# Thermoelectric Generator



## neilwasmund (Jun 1, 2007)

Does anyone have know of a manufacturer of Thermoelectric Generation units designed to be used with wood stoves, and or biomass stoves?


----------



## webbie (Jun 1, 2007)

Did you see this thread?
https://www.hearth.com/econtent/index.php/forums/viewthread/7926/
Years ago there were some very small modules I saw in a magazine which claimed to produce some power. However, I have not seen them since.

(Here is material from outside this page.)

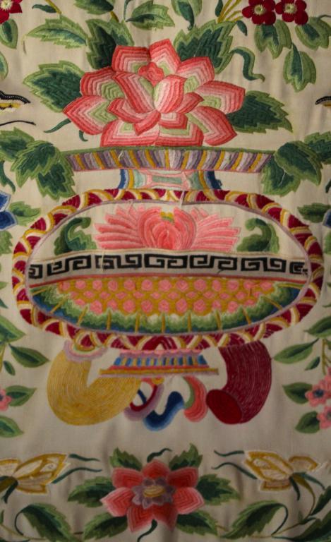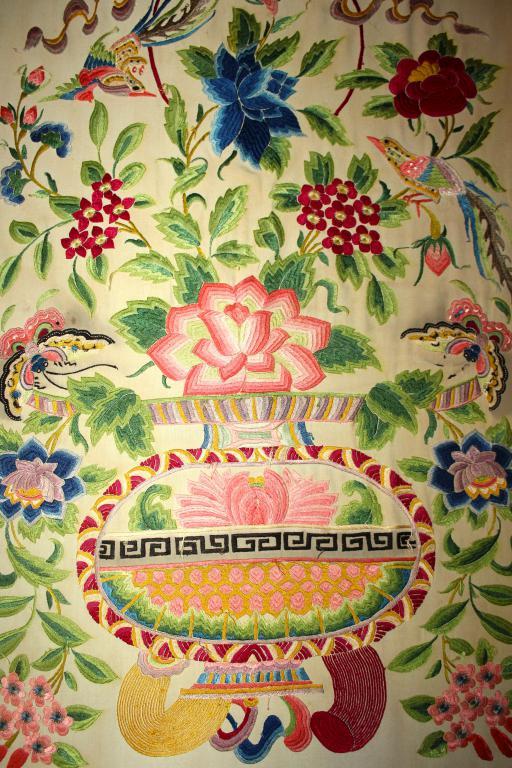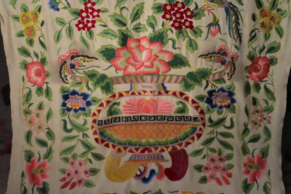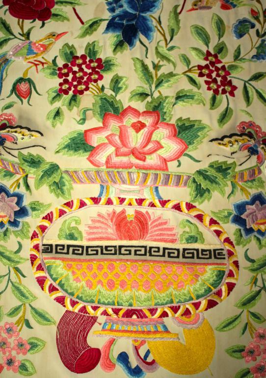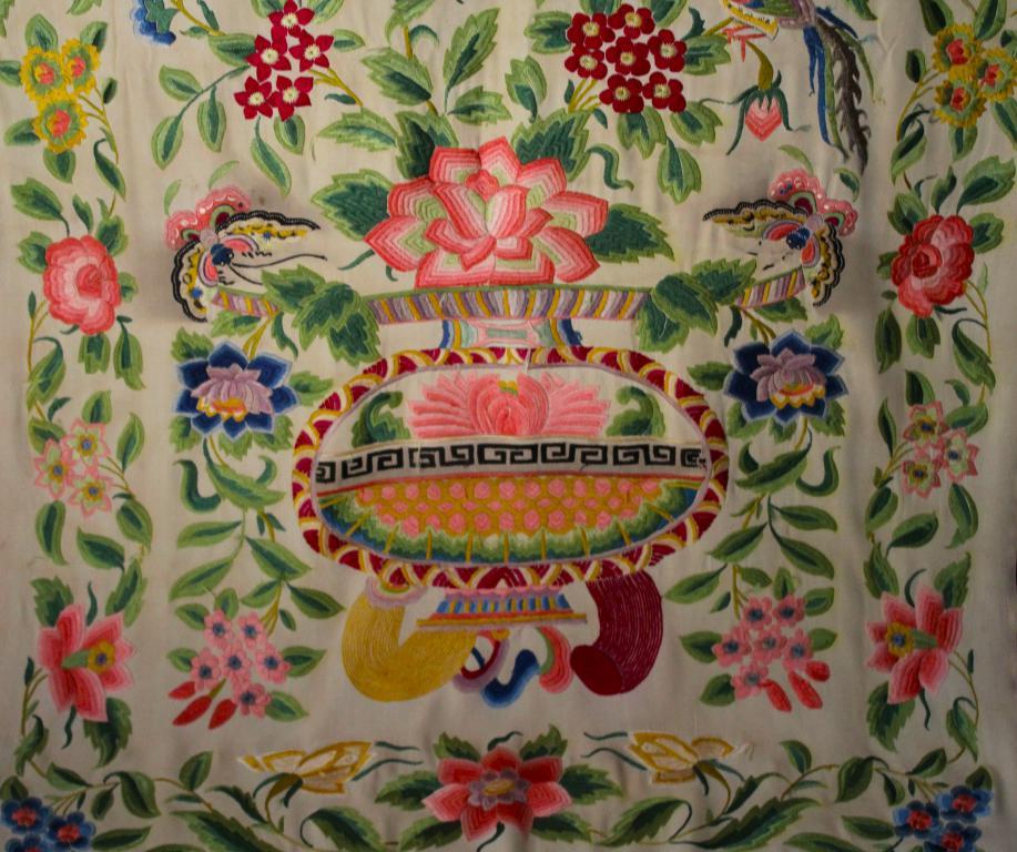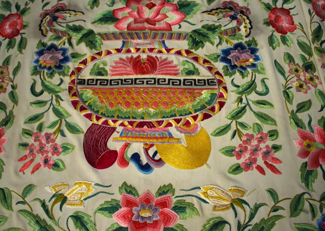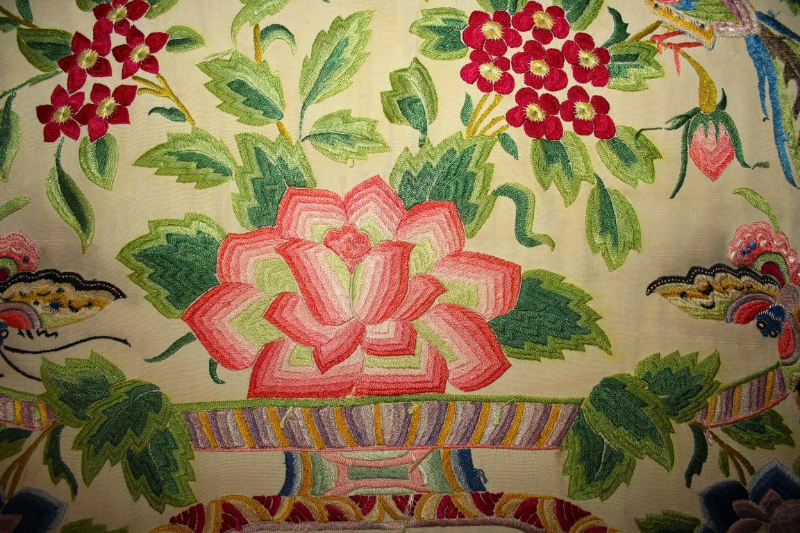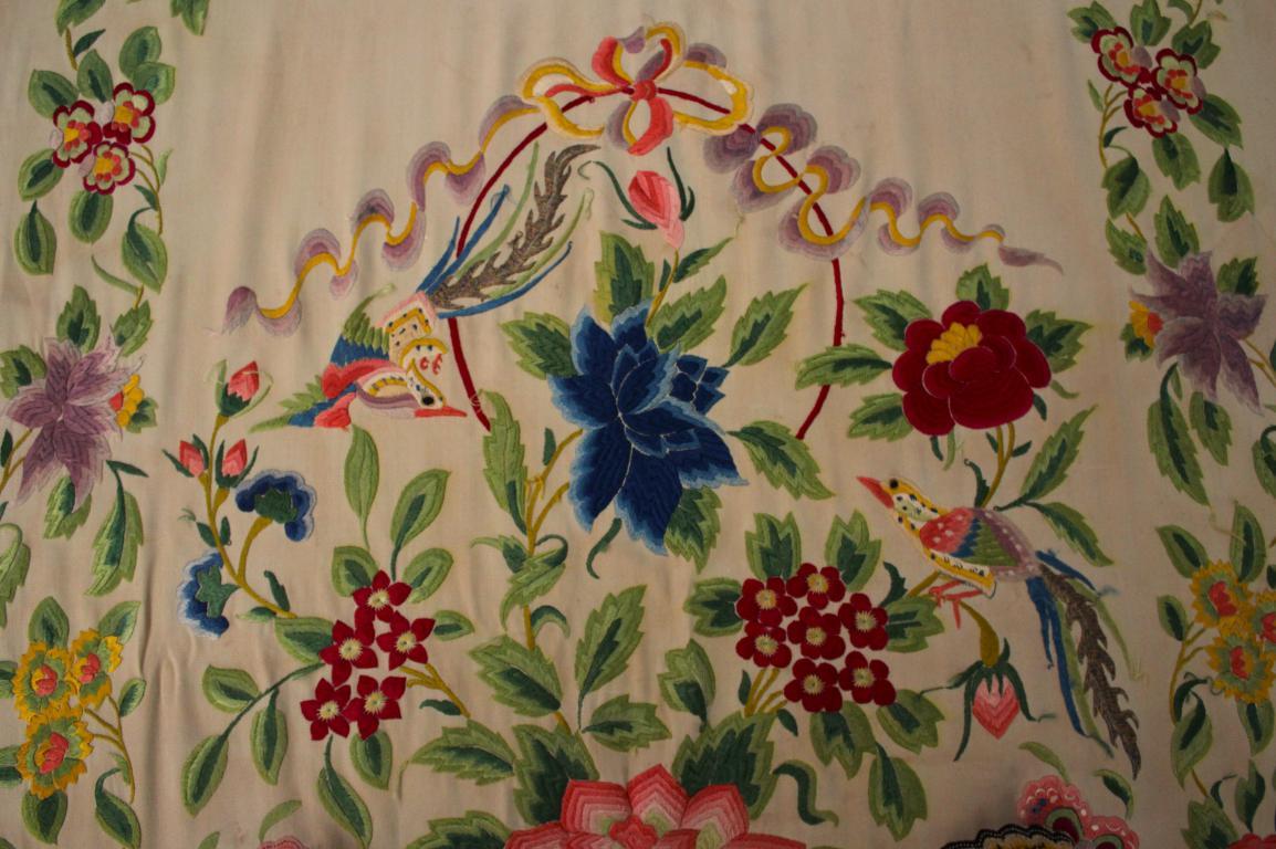 Mantón-Chal de Manila Imperio, Cantonés (China), muy antiguo del ultimo tercio del Siglo XIX, bordado en una magnifica seda fría realizada en telar, de un color beige-amarilla clara.

Let us know if you find anything exciting on this subject.


----------



## begreen (Jun 4, 2007)

Here's an interesting development that may eventually connect to wood stove heat:
http://www.sciencedaily.com/releases/2007/06/070603225026.htm


----------



## Andre B. (Jun 4, 2007)

Here is a place you can get the thermoelectric modules $$$, they have some application info.
http://hi-z.com/

This guy has put together a nice collection of old info on thermoelectric devices.
http://www.dself.dsl.pipex.com/MUSEUM/POWER/thermoelectric/thermoelectric.htm

He also has a lot more info on other old stuff.
http://www.dself.dsl.pipex.com/MUSEUM/museum.htm


BeGreen, one thing I find sadly lacking in much writing on science and engineering today is articles like this one where not one mention was made of the dude who first discovered this thermo acoustic phenomenon in 1859, on which this work is based.
For some reason that always bugs me, especially with the web now days, back when I took tech writing one actually had to go the library and/or dial a phone and talk to people.
http://en.wikipedia.org/wiki/Rijke_tube

The thermal to sound part is easy to build if you want to make large pipe organ sounds for the neighbors.
http://www.fysikbasen.dk/Referencemateriale/PDFartikler/ResonanceJan2003p59-71.pdf

This page has a sound file (loads automatically) of a larger tube heating up and cooling off.
http://physicscourses.okstate.edu/ackerson/museum/Rijlke.htm

Many here have had or seen stoves that would sometimes go into a rapid pulsing burn that in extreme cases would shake the pipes apart, the Rijke tube phenomenon goes a long way to explaining what is happening.


----------



## Andre B. (Jun 5, 2007)

Somewhat related post in another thread.
https://www.hearth.com/econtent/index.php/forums/viewreply/92271/


----------



## begreen (Jun 6, 2007)

Hey Andre, I contacted the author of the original Univ of Utah article and he thanked me for the info and wished he knew about it beforehand. I haven't responded, but the thought does come to mind that perhaps next time he could do a little research ahead of time?


----------